Frontier vision models have narrowed that gap, but not closed it. Google reports that Gemini 3 Pro can accurately transcribe tables and reason across them inside long documents, which is real progress. Transcription is still lossy, though, and it is engine-dependent: a model that handles a clean two-column table may misread a merged-cell layout, while a 2025 survey of document retrieval notes that OCR-based pipelines routinely lose the structural detail that gives a table its meaning, per a multimodal RAG review. Relying on the engine to re-derive structure you could have published natively is a gamble with no upside.

The fix costs almost nothing and removes the gamble entirely. Publish tabular data as a semantic table, mark the header cells with scope, then reference the table in the prose so it is bound to the query it answers. The structure that makes a table accessible to a screen reader is the same structure that makes it extractable by an engine, which is why the cheapest accessibility win and the cheapest AI-visibility win are frequently the identical edit. A picture of a table should be reserved for when the table itself is the subject, never for delivering data you want cited.

The Same Data, Two Levels of Extractability

Strong

A semantic <table>

Header cells with scope, real rows and columns. The engine lifts any single value with its full meaning, and a screen reader navigates it cleanly.

Invisible

A picture of a table

Every relationship between the numbers is trapped in pixels. The engine must OCR it, structure is lost, and the values cannot be cited reliably.

Sources: Google (2025), Multimodal RAG survey, arXiv (2025).

How AI Reads a Chart: The Data Trapped in Your PNG

Charts carry the sharpest version of the problem, because reading numbers out of pixels is genuinely hard even for the best models. On a clean benchmark, a frontier model looks fluent: Claude Sonnet 3.5 scores 90.5 percent on the original ChartQA test. On ChartQAPro, a 2025 benchmark built from more diverse and realistic charts, the same model scores 55.81 percent. The thirty-five point fall is the measure of how unreliable chart reading becomes the moment a chart looks like the ones brands actually publish.
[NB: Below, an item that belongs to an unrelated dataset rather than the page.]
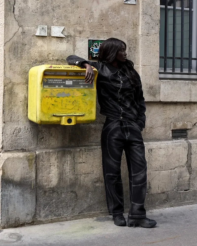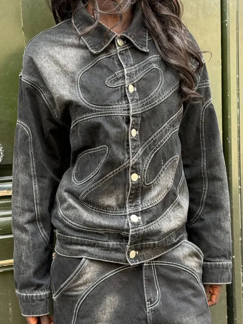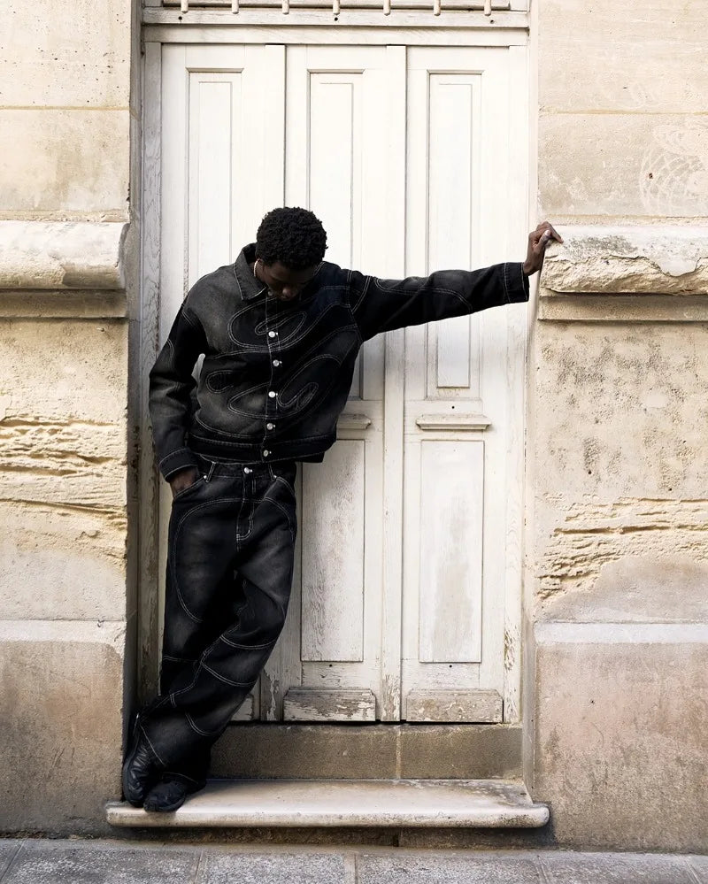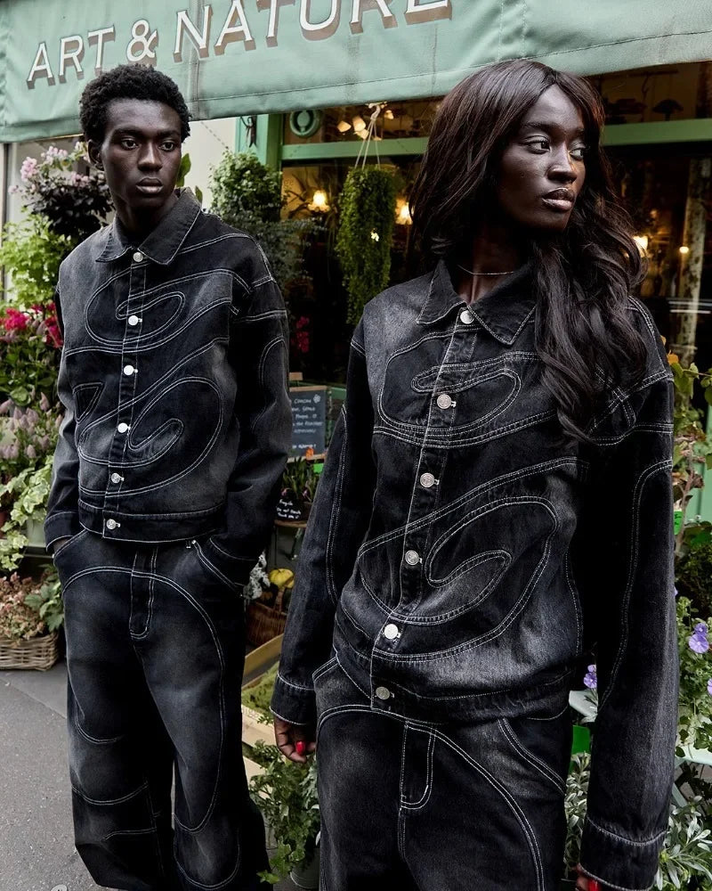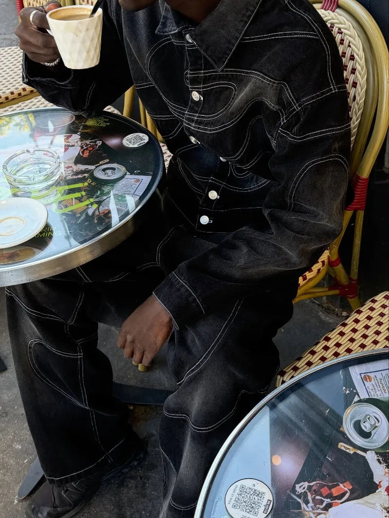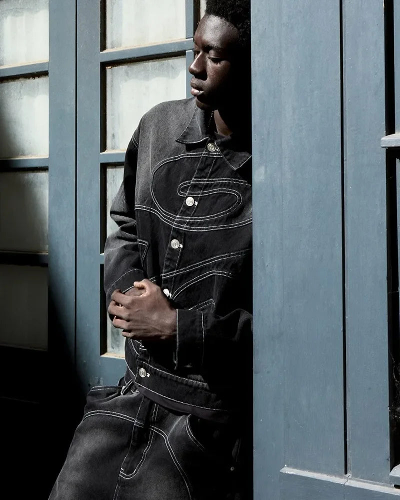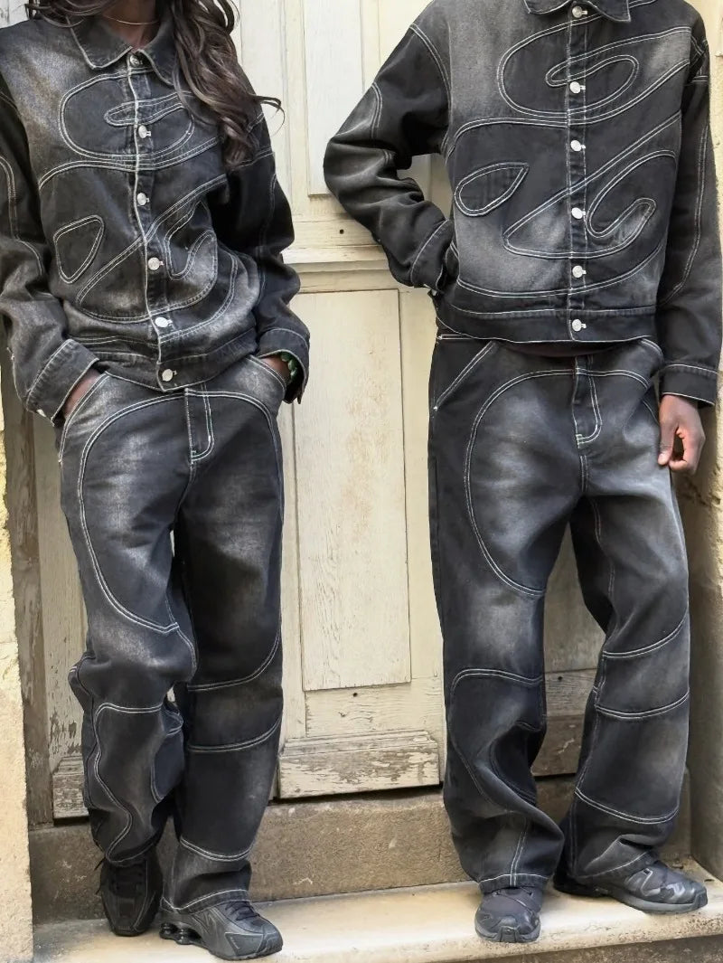 New Retro Striped Embroidery Fashion Loose Men Suit Street Hip Hop Harajuku Y2K Casual Oversized Single Breasted Jacket

Even the strongest models have a ceiling rather than a guarantee. Google reports that Gemini 3 Pro reaches 80.5 percent on the CharXiv reasoning benchmark, above the human baseline, which is a remarkable result on demanding scientific charts. It is still a reasoning score on a test set, not an assurance that your specific exported PNG, with its custom legend and its small annotations, is parsed correctly on the one query that matters. When a chart's numbers exist only inside the image, every engine is making an educated guess, and the guesses get worse as the chart gets more bespoke.

The remedy is the accessibility pattern again, applied for citation. WCAG guidance for a complex image such as a chart is to provide the actual data in a table and a short summary of the trend in text. Do exactly that: keep the chart for the human eye, then publish the underlying numbers as a semantic table or state the headline figure in the sentence beside it. The chart becomes the illustration; the data becomes the citation. A page that does this stops gambling on whether the engine can read its graphics, because the answer no longer depends on the pixels at all.

The Chart-Reading Cliff

ChartQA, clean academic charts90.5%

ChartQAPro, diverse realistic charts55.81%

Claude Sonnet 3.5 on the same task, two chart sets. The thirty-five point drop on realistic charts is the gap between a benchmark and the graphic you actually shipped.

Benchmark	Accuracy
ChartQA	90.5%
ChartQAPro	55.81%

Source: ChartQAPro, arXiv (2025).

Step back from any single modality, then the measured picture is consistent across all three. The visual web is mostly unreadable to the systems now answering the questions, even as those systems keep improving and the retrieval gains for going visual keep climbing. The four figures below size that landscape in one view.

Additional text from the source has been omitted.